◆ **Instructions to follow**
Find "จากนั้น ผมชิดซ้าย ตามป้ายบอกทาง" below and begin at its line; stop after the line with "- Three Adjustable". Output those lines exactly, without pictures.

===== Input records

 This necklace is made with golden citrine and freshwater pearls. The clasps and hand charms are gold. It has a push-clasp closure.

==========
===== Input records

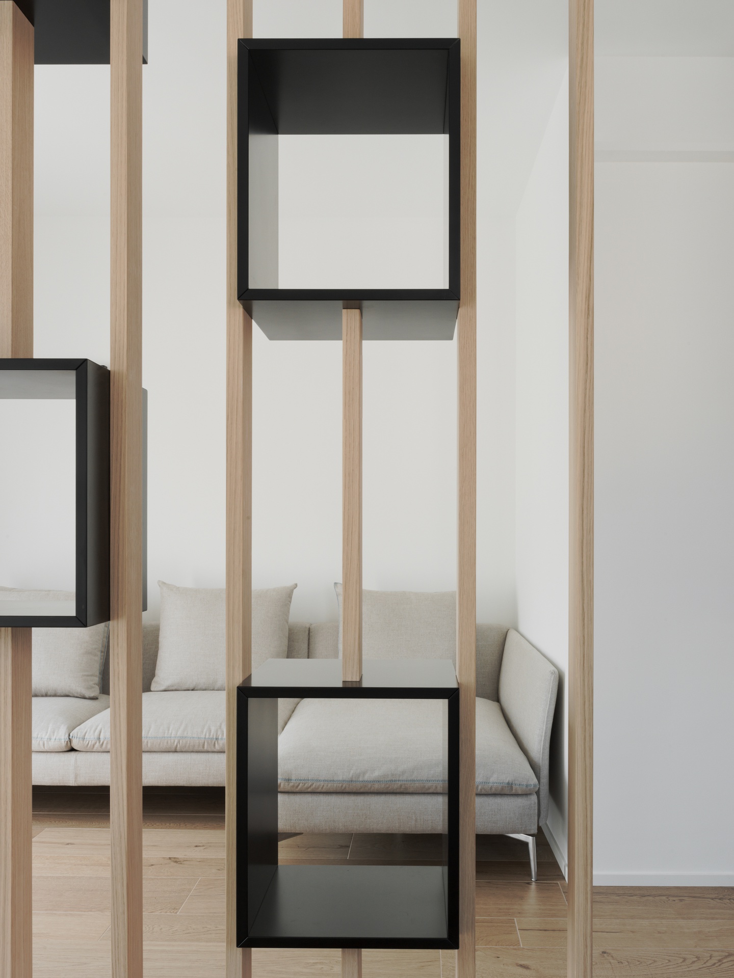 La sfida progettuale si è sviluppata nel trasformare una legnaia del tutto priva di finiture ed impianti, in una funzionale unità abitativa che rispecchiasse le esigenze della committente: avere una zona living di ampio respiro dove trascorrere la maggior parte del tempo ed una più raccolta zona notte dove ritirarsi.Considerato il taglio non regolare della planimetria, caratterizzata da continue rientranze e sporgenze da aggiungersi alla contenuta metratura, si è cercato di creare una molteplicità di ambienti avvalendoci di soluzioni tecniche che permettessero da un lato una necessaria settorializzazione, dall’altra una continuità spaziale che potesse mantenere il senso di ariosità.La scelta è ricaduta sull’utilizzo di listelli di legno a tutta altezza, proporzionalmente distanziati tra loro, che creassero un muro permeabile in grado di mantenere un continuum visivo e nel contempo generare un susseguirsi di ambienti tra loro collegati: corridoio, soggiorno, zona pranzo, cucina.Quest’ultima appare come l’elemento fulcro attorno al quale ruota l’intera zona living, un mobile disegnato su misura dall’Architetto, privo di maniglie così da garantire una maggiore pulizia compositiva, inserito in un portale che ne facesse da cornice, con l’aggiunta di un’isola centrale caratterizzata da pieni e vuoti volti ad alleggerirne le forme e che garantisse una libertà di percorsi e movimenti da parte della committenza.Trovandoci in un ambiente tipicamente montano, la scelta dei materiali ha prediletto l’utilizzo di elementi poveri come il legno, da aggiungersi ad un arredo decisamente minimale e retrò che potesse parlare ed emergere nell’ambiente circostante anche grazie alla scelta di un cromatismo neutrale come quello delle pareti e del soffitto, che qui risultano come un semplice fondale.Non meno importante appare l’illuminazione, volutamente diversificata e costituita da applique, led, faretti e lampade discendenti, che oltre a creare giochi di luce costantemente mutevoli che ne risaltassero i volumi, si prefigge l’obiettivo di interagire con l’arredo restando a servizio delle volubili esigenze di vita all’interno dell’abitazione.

==========
===== Input records

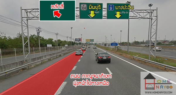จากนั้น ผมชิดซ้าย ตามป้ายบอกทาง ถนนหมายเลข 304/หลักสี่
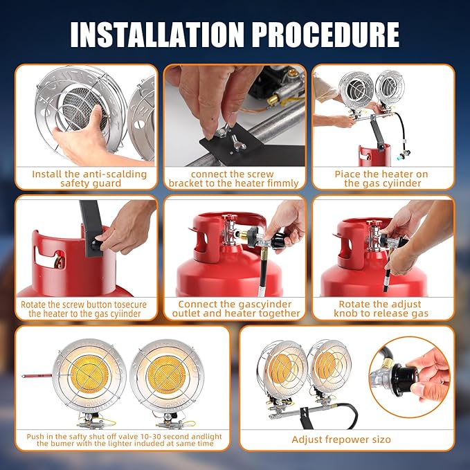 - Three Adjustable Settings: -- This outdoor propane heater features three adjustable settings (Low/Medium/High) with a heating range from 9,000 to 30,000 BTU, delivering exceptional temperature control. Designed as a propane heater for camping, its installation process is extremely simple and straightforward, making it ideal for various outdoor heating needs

==========

◆ **Solution below**
จากนั้น ผมชิดซ้าย ตามป้ายบอกทาง ถนนหมายเลข 304/หลักสี่
 - Three Adjustable Settings: -- This outdoor propane heater features three adjustable settings (Low/Medium/High) with a heating range from 9,000 to 30,000 BTU, delivering exceptional temperature control. Designed as a propane heater for camping, its installation process is extremely simple and straightforward, making it ideal for various outdoor heating needs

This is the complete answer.